So what’s going on when we get that feeling of “a return”? Either a “deja vu” experience where you FEEL you’ve been exactly here before, seeing the same scene, hearing the same words, feeling the same feelings. Or, like now, with a daily rise in Coronavirus cases, followed by a daily rise in hospital admissions, and we think “Oh no, here we go again” and dread we are back to where we were about four or five months ago.

Well, in both those cases, we are joining up some dots with straight lines. We are recognising something, or several things, which are strikingly similar to something we experienced already and we think we have jumped back down that straight line to the past.

But that’s a pretty superficial understanding of Life, isn’t it? Because time isn’t linear. Lived time (as opposed to artificially measured time) goes at different speeds, flying by some days, dragging on others. And lived time is influenced by three different streams…..streams of memories, streams of perception, and streams of imagination. The “I remember”, “I can see”, and “I imagine” actions which never seem to cease…even when we are asleep. That means that events don’t neatly flow from one to the other. They leap, jump, circle round, associate, resonate and echo (amongst other things!)

And here’s the other thing to keep in mind…..Life is a creative process. We are “emergent” creatures, constantly changing, transforming…becoming not being. Every day is a first for us. Every day is a last for us.

So, as people talk about a “second wave” of this pandemic, there is definitely a feeling of “here we go again”. Except a lot has changed since this pandemic began.

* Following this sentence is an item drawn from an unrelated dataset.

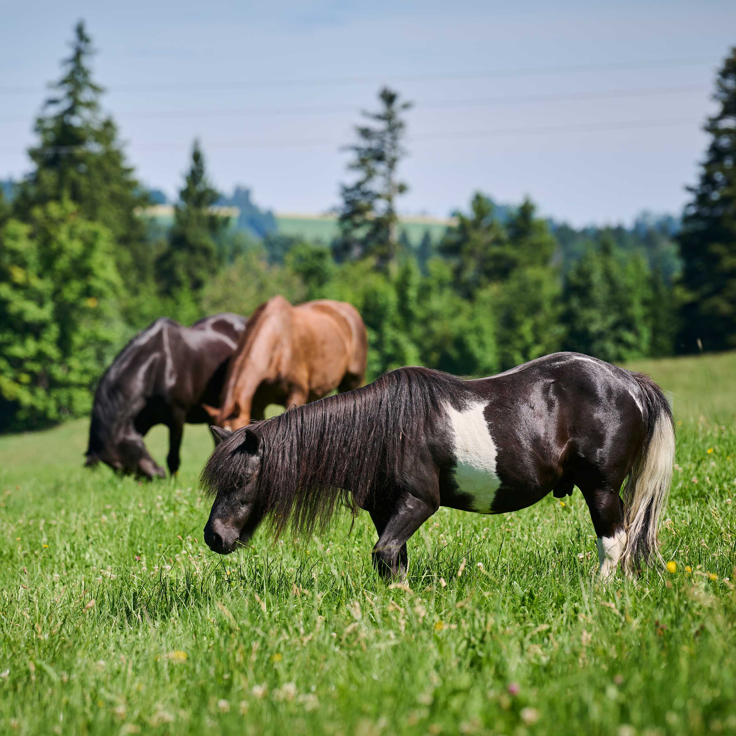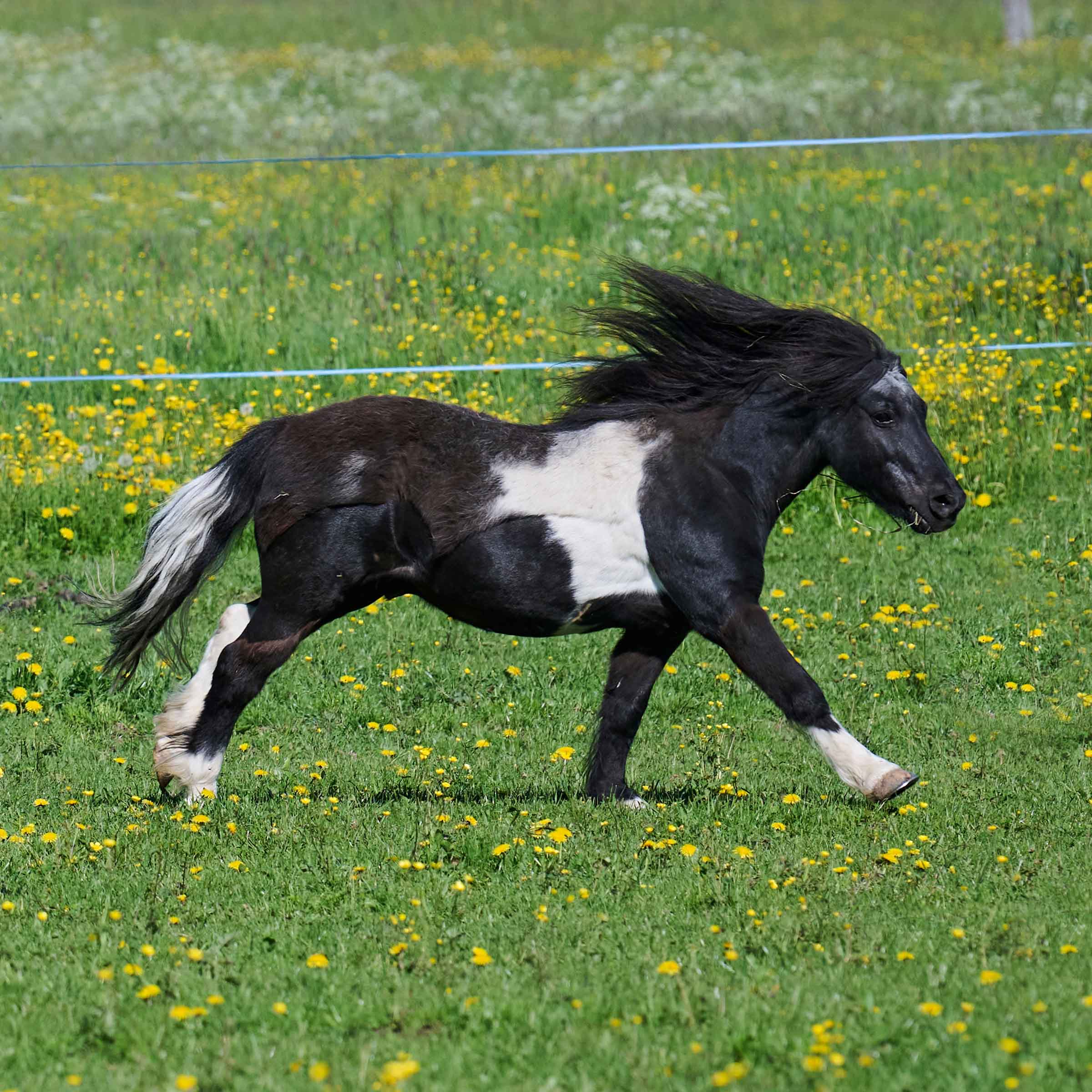 schwarz-weiss gescheckt; Mähne schwarz und Schweif schwarz-weiss
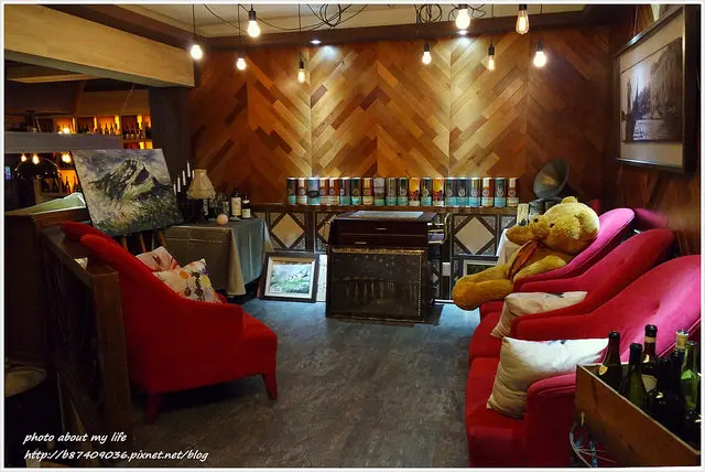 大紅沙發椅和毛茸茸大熊的舒服感好溫暖 真想改到這用餐(笑)

We can’t go back to the beginning and hit the reset button. (I know, I know, much as many of us would like to!) We bring our changed selves into this “second wave” and that means, whilst there might be much that we recognise, there will be more which is truly brand new.

I thought of this when I looked at this photo of this circular ceiling window, with the paper birds flying round in it. I thought, yes, this is what it is like….cycles and spirals which change with every turn around the circle.

We have learned some things, you and I. Learned some things about our lives, our selves and our societies. We will bring these changes to this new cycle, some in a way which reinforces some of what we learned first time around, and some in a way which transforms what we learned first time into something brand new.

Do you feel that?

Does that encourage you to make any different choices? To act differently? To engage with the problems and the solutions differently?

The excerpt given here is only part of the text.